A study conducted in 2022 by the US Census Bureau revealed that in the United States alone that year, nearly 11.5 percent of the country lived in poverty. That equates to around 37.9 million people that live daily with the ever-present reality weighing heavily upon them, of being poor.
We could talk at length of the role of the church and as to how we are called to minister to those less fortunate. I believe that as Christians it is a part of our living out what we believe when we do so. But have you thought of the poor who seem to have everything in life?
There is a passage in the final book of the Bible in Revelation 3:17 that reads, “Thou sayest, I am rich, and increased with goods, and have need of nothing…. but knowest not that thou art wretched, and miserable, and poor, and blind, and naked.”
To get a better understanding of what the writer is saying we need to go back a few lines to verse 15. He writes (but the words are from God) “I know thy works, that thou art neither cold nor hot.” What a frightening thing to those to whom this was addressed. God, the one to whom we call in distress, the one to whom we cry out to when in need, the one that we will one day stand before on that day of judgement, has held court, and found them to be guilty.
Like the layers of an onion, their life has been peeled back. The outside façade that they had so craftily designed and promoted to the world around them as what authenticity looks like, has been stripped away. Layer by layer the years of what they had built, and what they had convinced others to believe were removed in a moment of time. God said, “I know thy works. I know you inside and out. You are NOT what you masquerade as.”
The Message puts it in a graphic way when it says, “You’re stale. You’re stagnant. You make me want to vomit. You brag, ‘I’m rich, I’ve got it made, I need nothing from anyone,’ oblivious that in fact you’re a pitiful, blind beggar, threadbare and homeless.” He is saying, “you are the poorest of poor, yet you are blinded by self-deceit.”

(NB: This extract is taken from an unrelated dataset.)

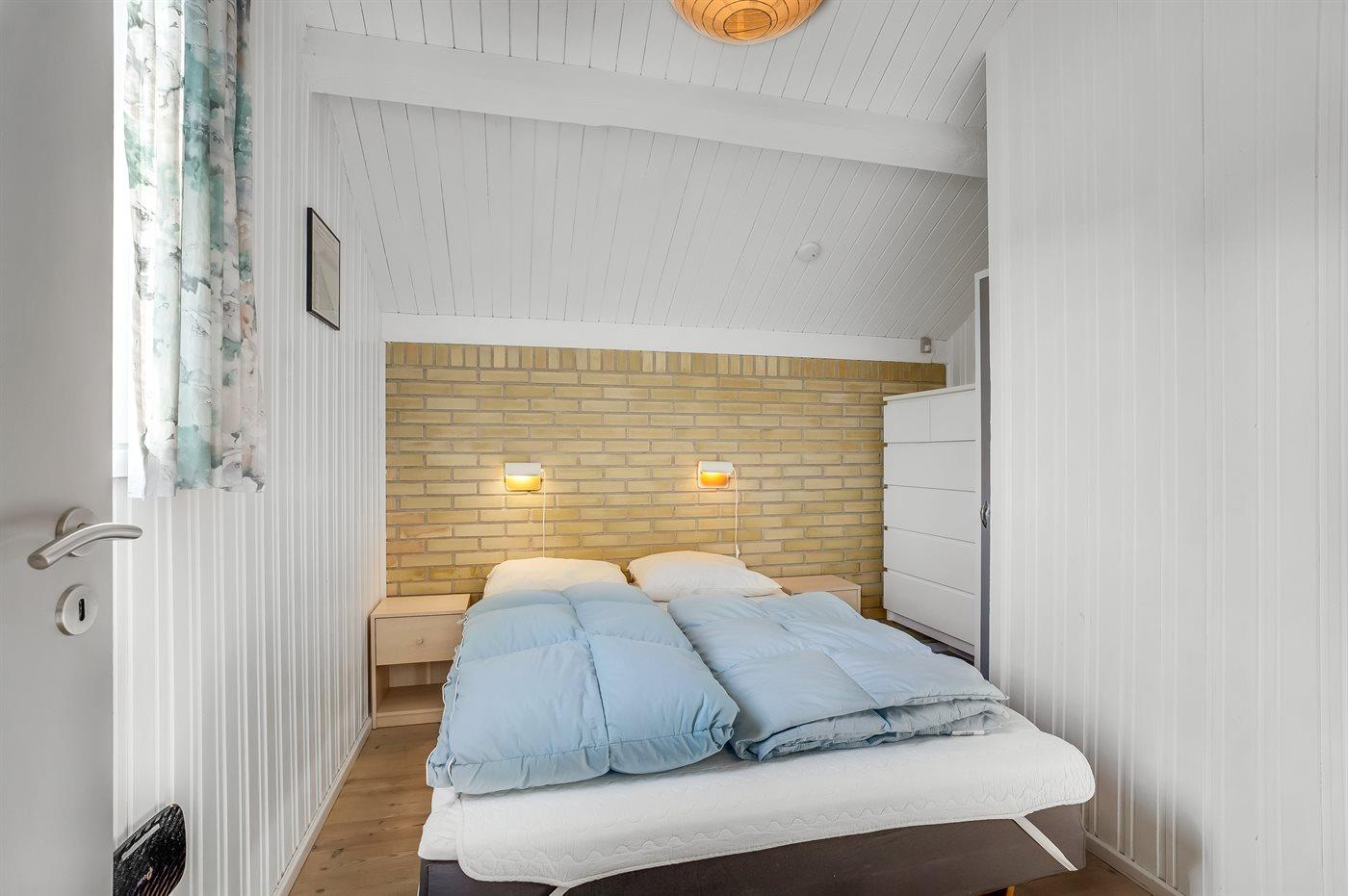 Die Schlafplätze verteilen sich auf 2 Schlafräume. 2 Schlafplätze in einem Doppelbett. 2 Schlafplätze in Einzelbetten. Ferner steht ein Kinderbett zur Verfügung.

Ouch! What a painful dialogue that cuts quickly to the core of things. While believing that their religion is above all others, they stand before the world and God, as wretched being blinded by vanity and spiritual pride. Blinded the scripture says to reality.

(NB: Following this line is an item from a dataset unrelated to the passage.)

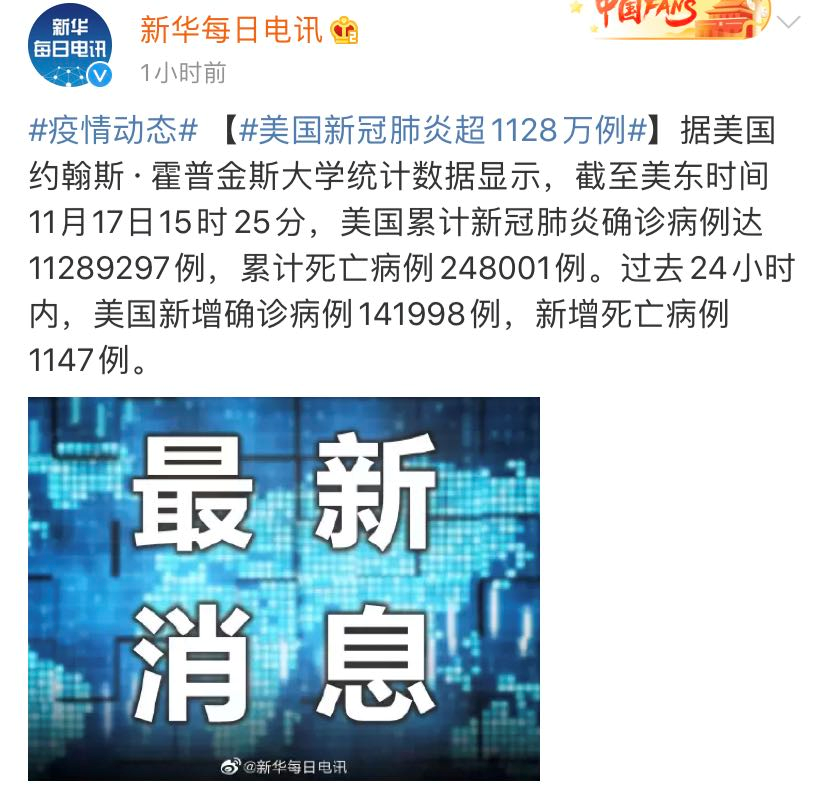 当地时间17日,美国新冠肺炎确诊病例超1128万例,意味着美国平均每30人就有1人确诊新冠。美国《外交政策》杂志指出,美国新冠疫情已达“巨大灾难”级别。

I’ve known people like that. Professing the highest level of Holiness and Godly living and knowing the doctrines of the church and the Bible perhaps like no other. Because of that, they have taken upon themselves the mantle of lawgiver and crusader to straighten everyone else in the world out, so that they can talk, look, and act, just like them. Everything looks like a nail when you are a hammer, and hammer they do. Destroying, hurting, leading others astray, wounding, and feeling justified with every word spoken and with every deed done. Blindly swinging the hammer at everything and everyone that doesn’t look, speak, or act like them.

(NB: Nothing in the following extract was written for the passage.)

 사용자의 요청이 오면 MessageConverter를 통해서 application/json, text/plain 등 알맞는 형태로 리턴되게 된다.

Can I share a secret? While knowing and befriending the “hammers” over the years, I also heard the voices of the unsaved and the lost who knew them as well. They shared a very different perspective. They shared that if serving God was what their lives reflected then they would prefer to not have a relationship with Christ. They shared that if holy living was what they portrayed, some even suggested, “we would rather go to a different church” and that if this was what it meant to be a Christian, they would rather not be one.
How tragic. People will die and be in hell while we blindly profess something that we do not possess. We claim to be the richest of the rich while being the poorest of the poor. Poor? That’s what the other people are.
Can we just stop and solicit His help?
“Lord, help me today once again. Help me to see who I really am in your sight, for after all, that is what truly matters. Peel back the layers that I have built and grown in my Pharisaical life. Those layers of judgmental spirit, bitterness, envy, and that bent towards being unteachable. Help me to be humble, knowing that all that I am and all that I will ever be is because of you and you alone. May others see you through me, and may I not offer them yet one more excuse to resist the drawing and the leading of the Holy Spirit. Open my eyes and allow me to see you, and then open my heart so that I may love others as you love them. Make me an instrument of grace that leads the lost to safety and that draws them to you.”